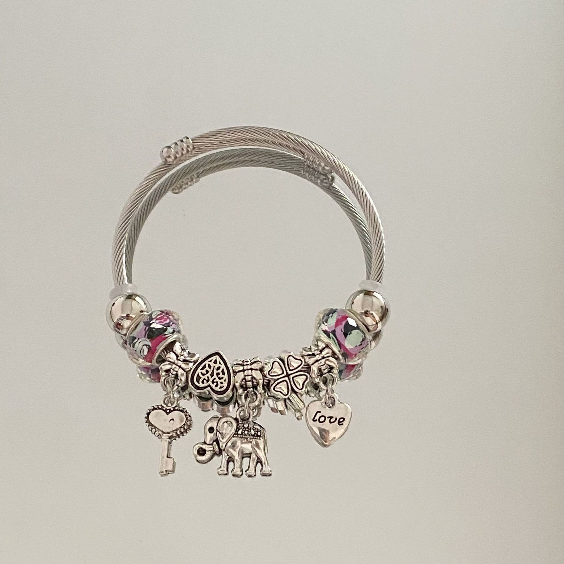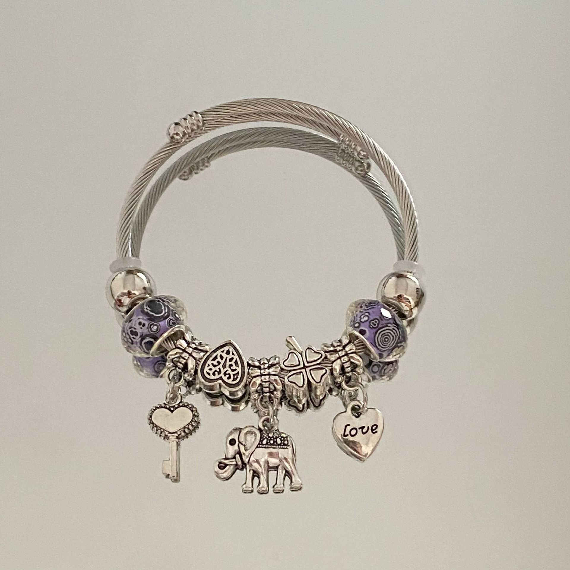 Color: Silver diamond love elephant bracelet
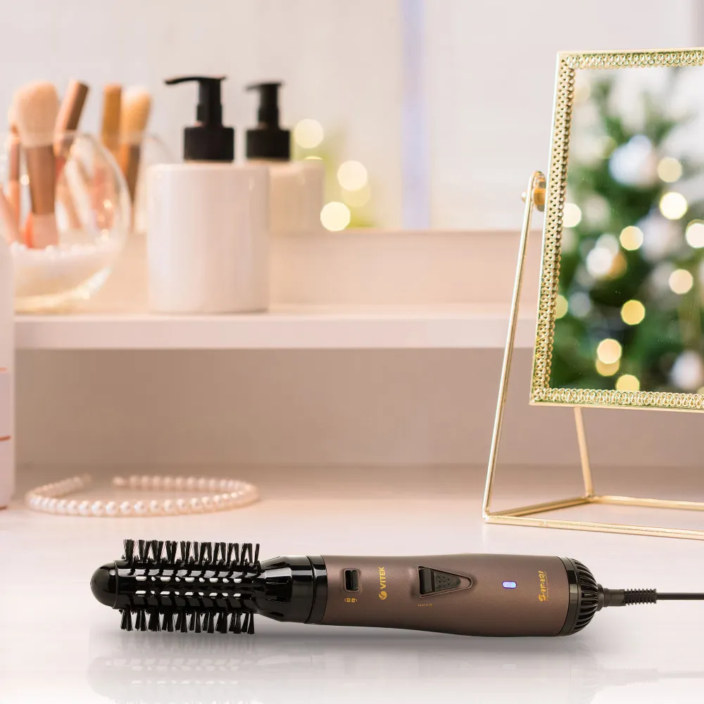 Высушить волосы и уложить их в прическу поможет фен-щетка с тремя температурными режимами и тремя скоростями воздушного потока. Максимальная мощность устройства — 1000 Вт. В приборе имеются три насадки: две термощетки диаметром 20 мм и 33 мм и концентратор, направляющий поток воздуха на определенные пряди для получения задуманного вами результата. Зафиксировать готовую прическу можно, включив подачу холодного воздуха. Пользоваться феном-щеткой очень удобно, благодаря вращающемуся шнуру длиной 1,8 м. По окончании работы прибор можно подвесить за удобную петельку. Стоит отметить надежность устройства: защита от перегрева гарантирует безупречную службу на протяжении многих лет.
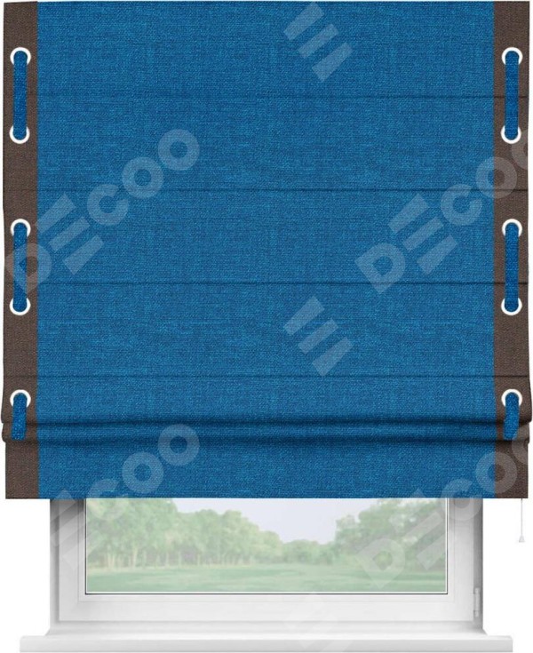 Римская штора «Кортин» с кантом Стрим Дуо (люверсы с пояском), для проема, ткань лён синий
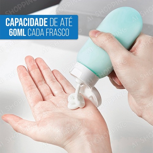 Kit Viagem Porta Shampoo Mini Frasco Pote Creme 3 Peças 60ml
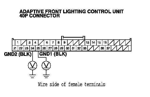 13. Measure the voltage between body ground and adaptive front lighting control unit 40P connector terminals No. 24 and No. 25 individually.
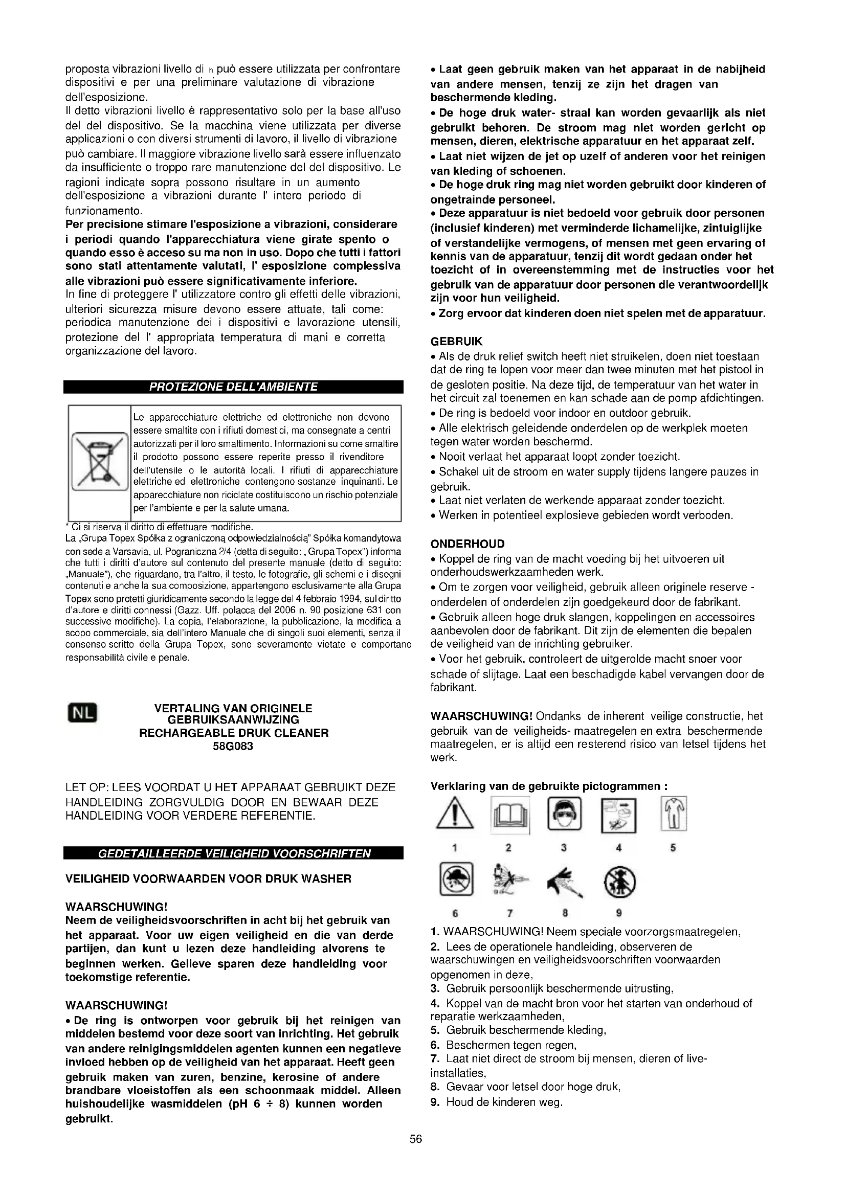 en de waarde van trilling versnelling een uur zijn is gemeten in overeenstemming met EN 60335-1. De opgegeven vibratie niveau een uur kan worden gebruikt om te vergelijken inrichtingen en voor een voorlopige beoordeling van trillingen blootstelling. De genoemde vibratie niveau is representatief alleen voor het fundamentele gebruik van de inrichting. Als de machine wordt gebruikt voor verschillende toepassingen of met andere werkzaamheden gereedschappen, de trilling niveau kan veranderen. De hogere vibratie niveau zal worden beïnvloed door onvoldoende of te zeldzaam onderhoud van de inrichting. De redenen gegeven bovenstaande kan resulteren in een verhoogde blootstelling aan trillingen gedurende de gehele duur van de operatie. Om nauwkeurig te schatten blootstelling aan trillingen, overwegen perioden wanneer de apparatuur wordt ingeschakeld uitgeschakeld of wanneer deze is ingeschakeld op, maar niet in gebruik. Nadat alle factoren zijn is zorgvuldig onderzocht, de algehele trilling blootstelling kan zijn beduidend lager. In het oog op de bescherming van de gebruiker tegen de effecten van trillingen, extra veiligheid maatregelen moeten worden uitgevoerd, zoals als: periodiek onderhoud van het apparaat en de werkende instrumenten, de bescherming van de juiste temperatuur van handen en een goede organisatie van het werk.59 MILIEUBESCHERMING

..........

## BRIEF
Quote only the lines that start at the line holding "Kit Viagem Porta" and end at the last line of the entries, including both of those lines, and omit every picture.

## ANSWER TO THIS TASK
 Kit Viagem Porta Shampoo Mini Frasco Pote Creme 3 Peças 60ml
 13. Measure the voltage between body ground and adaptive front lighting control unit 40P connector terminals No. 24 and No. 25 individually.
 en de waarde van trilling versnelling een uur zijn is gemeten in overeenstemming met EN 60335-1. De opgegeven vibratie niveau een uur kan worden gebruikt om te vergelijken inrichtingen en voor een voorlopige beoordeling van trillingen blootstelling. De genoemde vibratie niveau is representatief alleen voor het fundamentele gebruik van de inrichting. Als de machine wordt gebruikt voor verschillende toepassingen of met andere werkzaamheden gereedschappen, de trilling niveau kan veranderen. De hogere vibratie niveau zal worden beïnvloed door onvoldoende of te zeldzaam onderhoud van de inrichting. De redenen gegeven bovenstaande kan resulteren in een verhoogde blootstelling aan trillingen gedurende de gehele duur van de operatie. Om nauwkeurig te schatten blootstelling aan trillingen, overwegen perioden wanneer de apparatuur wordt ingeschakeld uitgeschakeld of wanneer deze is ingeschakeld op, maar niet in gebruik. Nadat alle factoren zijn is zorgvuldig onderzocht, de algehele trilling blootstelling kan zijn beduidend lager. In het oog op de bescherming van de gebruiker tegen de effecten van trillingen, extra veiligheid maatregelen moeten worden uitgevoerd, zoals als: periodiek onderhoud van het apparaat en de werkende instrumenten, de bescherming van de juiste temperatuur van handen en een goede organisatie van het werk.59 MILIEUBESCHERMING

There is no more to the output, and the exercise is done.